- Input for this task
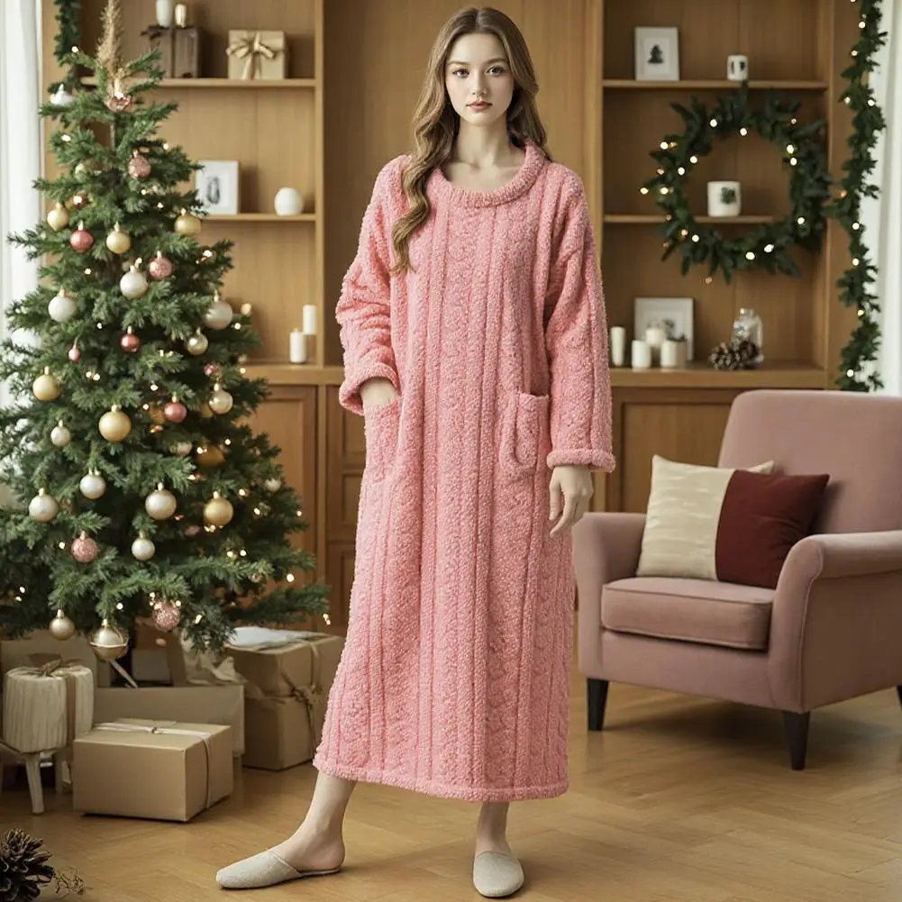 冬用長袖ダブルポケットフランネルナイトガウン レディース ゆったり無地スリープウェア ジャカードナイトドレス 厚手暖かいナイトドレス - TopDealBox
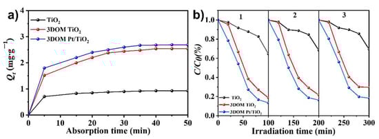 To evaluate the adsorption performance of the photocatalysts, we investigated the effect of TiO2, 3DOM TiO2 and 3DOM Pt/TiO2 on the adsorption of RhB. Figure 10a shows that during the adsorption process within 50 min, 3DOM TiO2 and 3DOM Pt/TiO2 samples can adsorb more RhB than TiO2, due to the greater number of adsorption sites on the 3DOM TiO2 and 3DOM Pt/TiO2 samples. The above results suggest that the 3DOM Pt/TiO2 sample is favorable for mass transfer and capture of dye molecules, thus exhibiting higher photocatalytic activity.
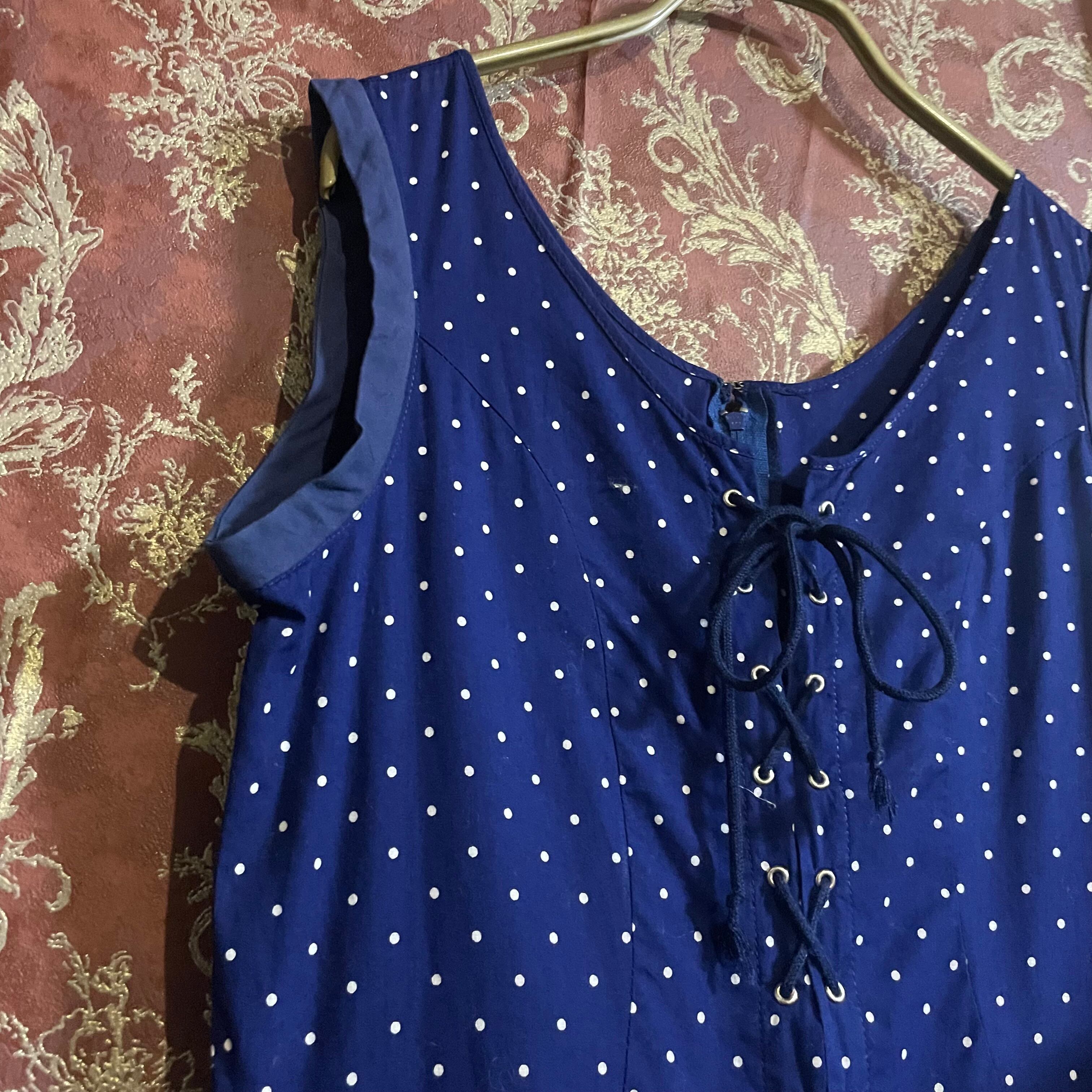 上品でクラシカルな印象のネイビーのノースリーブワンピースです。
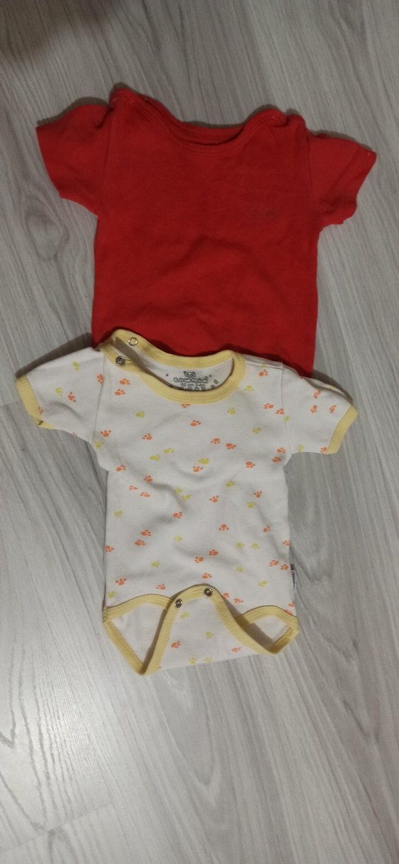 Kısa kollu, yuvarlak yakalı, renkli desenli bebek body. Üzerinde düğmeler bulunur, beyaz zemin üzerine sarı detaylıdır.
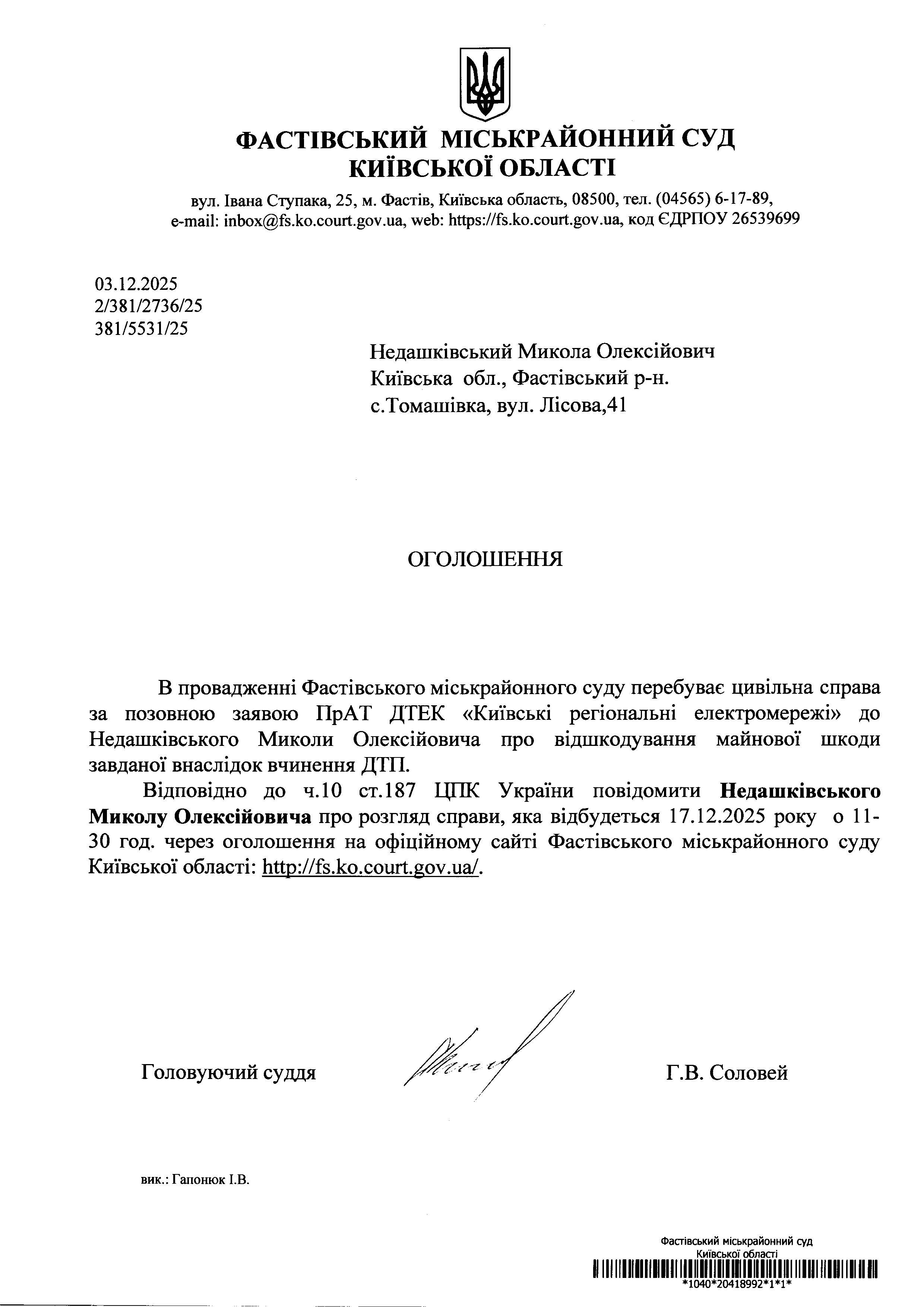 Недашківський Микола Олексійович Київська обл., Фастівський р-н. с.Томашівка, вул. Лісова,41
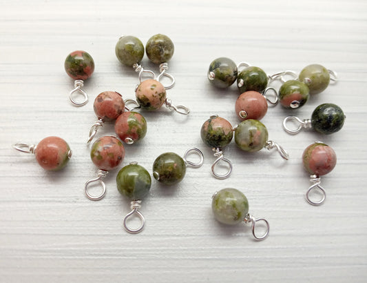 Epidote 6mm Bead Charms, Gemstone Dangles, 10 pc
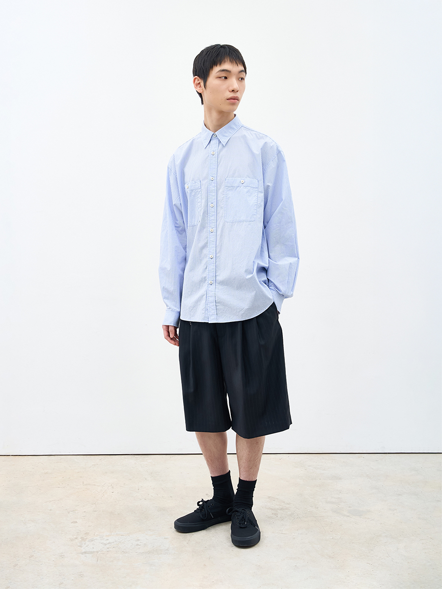 어릴 적 아버지의 옷장에서 발견한 실루엣을 현대적인 감각으로 재해석한 파더 울 트라우저 쇼츠.
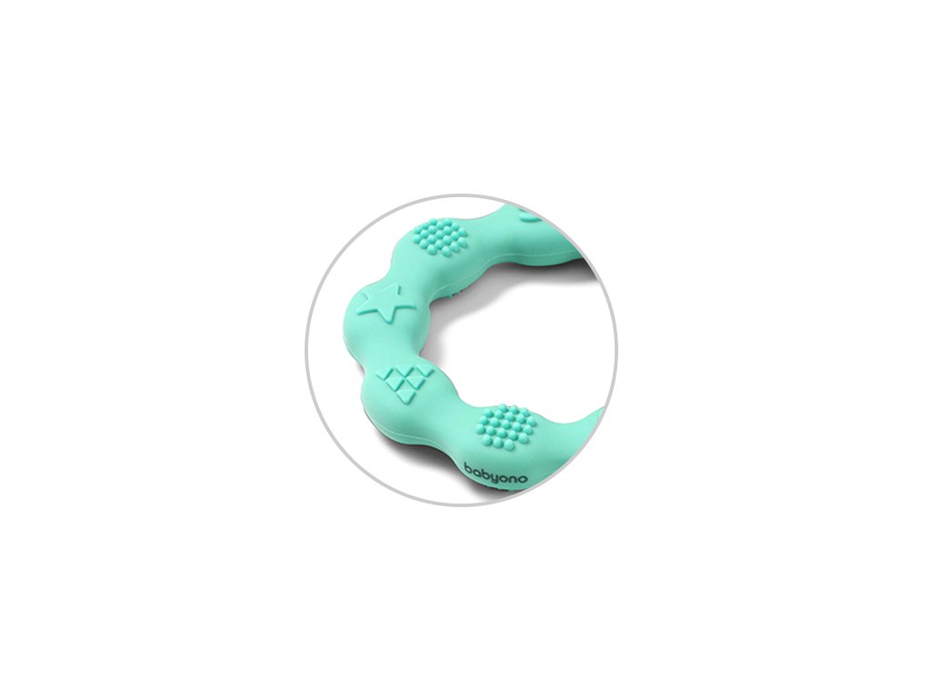 Pružný a mäkký materiál rozmanitej textúry jemne masíruje ďasná bábätka.
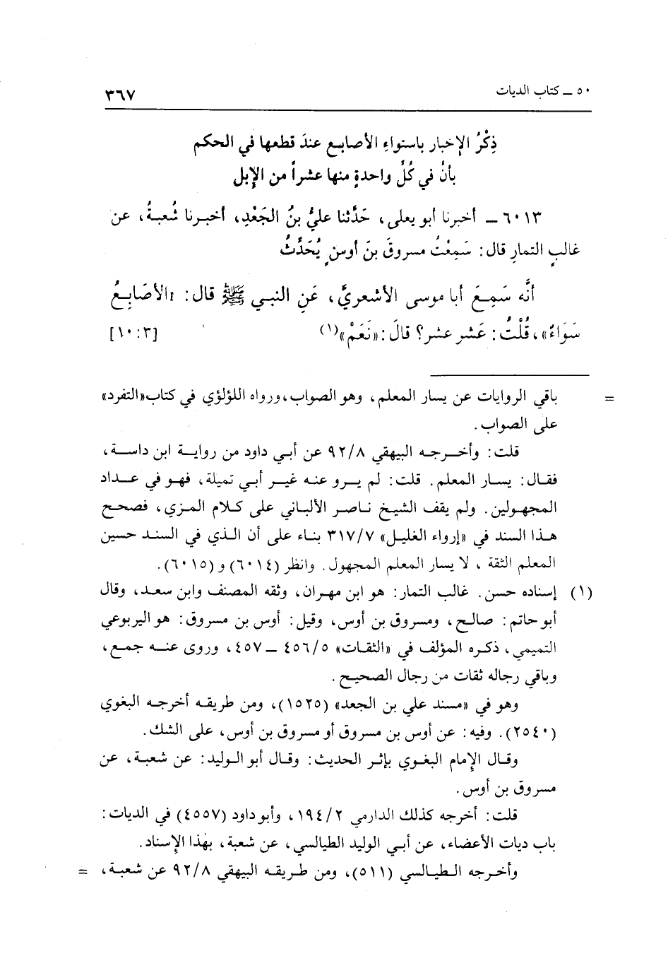 6013 ـ أَخْبَرَنَا أَبُو يَعْلَى، حَدَّثَنَا عَلِيُّ بْنُ الْجَعْدِ، أَخْبَرَنَا شُعْبَةُ، عَنِ غَالِبٍ التَّمَّارِ قَالَ: سَمِعْتُ مَسْرُوقَ بْنَ أَوْسٍ يُحَدِّثُ
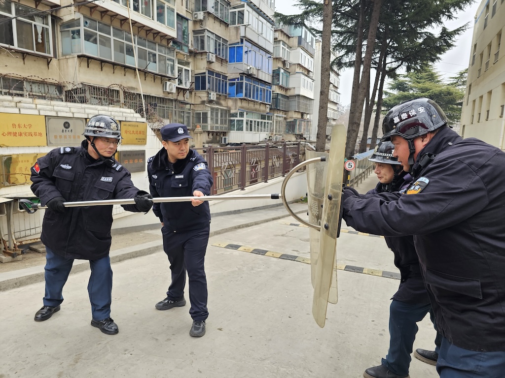 各班级开展“反恐防暴开学第一课”主题活动。教师通过案例讲解、知识科普等形式,普及《国家安全法》《反恐怖主义法》等法律法规,讲解反恐防暴知识,引导学生树立安全自护意识。为提升实战能力,学校组织全体师生开展反恐防暴演练,并特邀芝罘区白石路派出所警官到校指导。警官现场对安保人员进行器械使用、应急处置流程专项培训,传授防控技巧。演练中,师生反应迅速、配合默契,有效提升了突发事件的快速反应与协同处置能力。
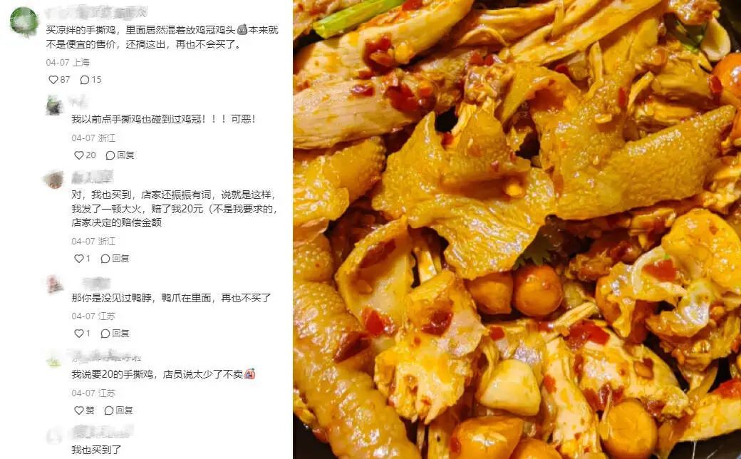 在紫燕吃出鸡冠,鸡头有些吓人就不放了。左图源:小红书@开心肖肖乐

- Exercise brief
All of the material above must be retyped exactly, line for line, with the images dropped.

- Answer box
 冬用長袖ダブルポケットフランネルナイトガウン レディース ゆったり無地スリープウェア ジャカードナイトドレス 厚手暖かいナイトドレス - TopDealBox
 To evaluate the adsorption performance of the photocatalysts, we investigated the effect of TiO2, 3DOM TiO2 and 3DOM Pt/TiO2 on the adsorption of RhB. Figure 10a shows that during the adsorption process within 50 min, 3DOM TiO2 and 3DOM Pt/TiO2 samples can adsorb more RhB than TiO2, due to the greater number of adsorption sites on the 3DOM TiO2 and 3DOM Pt/TiO2 samples. The above results suggest that the 3DOM Pt/TiO2 sample is favorable for mass transfer and capture of dye molecules, thus exhibiting higher photocatalytic activity.
 上品でクラシカルな印象のネイビーのノースリーブワンピースです。
 Kısa kollu, yuvarlak yakalı, renkli desenli bebek body. Üzerinde düğmeler bulunur, beyaz zemin üzerine sarı detaylıdır.
 Недашківський Микола Олексійович Київська обл., Фастівський р-н. с.Томашівка, вул. Лісова,41
 Epidote 6mm Bead Charms, Gemstone Dangles, 10 pc
 어릴 적 아버지의 옷장에서 발견한 실루엣을 현대적인 감각으로 재해석한 파더 울 트라우저 쇼츠.
 Pružný a mäkký materiál rozmanitej textúry jemne masíruje ďasná bábätka.
 6013 ـ أَخْبَرَنَا أَبُو يَعْلَى، حَدَّثَنَا عَلِيُّ بْنُ الْجَعْدِ، أَخْبَرَنَا شُعْبَةُ، عَنِ غَالِبٍ التَّمَّارِ قَالَ: سَمِعْتُ مَسْرُوقَ بْنَ أَوْسٍ يُحَدِّثُ
 各班级开展“反恐防暴开学第一课”主题活动。教师通过案例讲解、知识科普等形式,普及《国家安全法》《反恐怖主义法》等法律法规,讲解反恐防暴知识,引导学生树立安全自护意识。为提升实战能力,学校组织全体师生开展反恐防暴演练,并特邀芝罘区白石路派出所警官到校指导。警官现场对安保人员进行器械使用、应急处置流程专项培训,传授防控技巧。演练中,师生反应迅速、配合默契,有效提升了突发事件的快速反应与协同处置能力。
 在紫燕吃出鸡冠,鸡头有些吓人就不放了。左图源:小红书@开心肖肖乐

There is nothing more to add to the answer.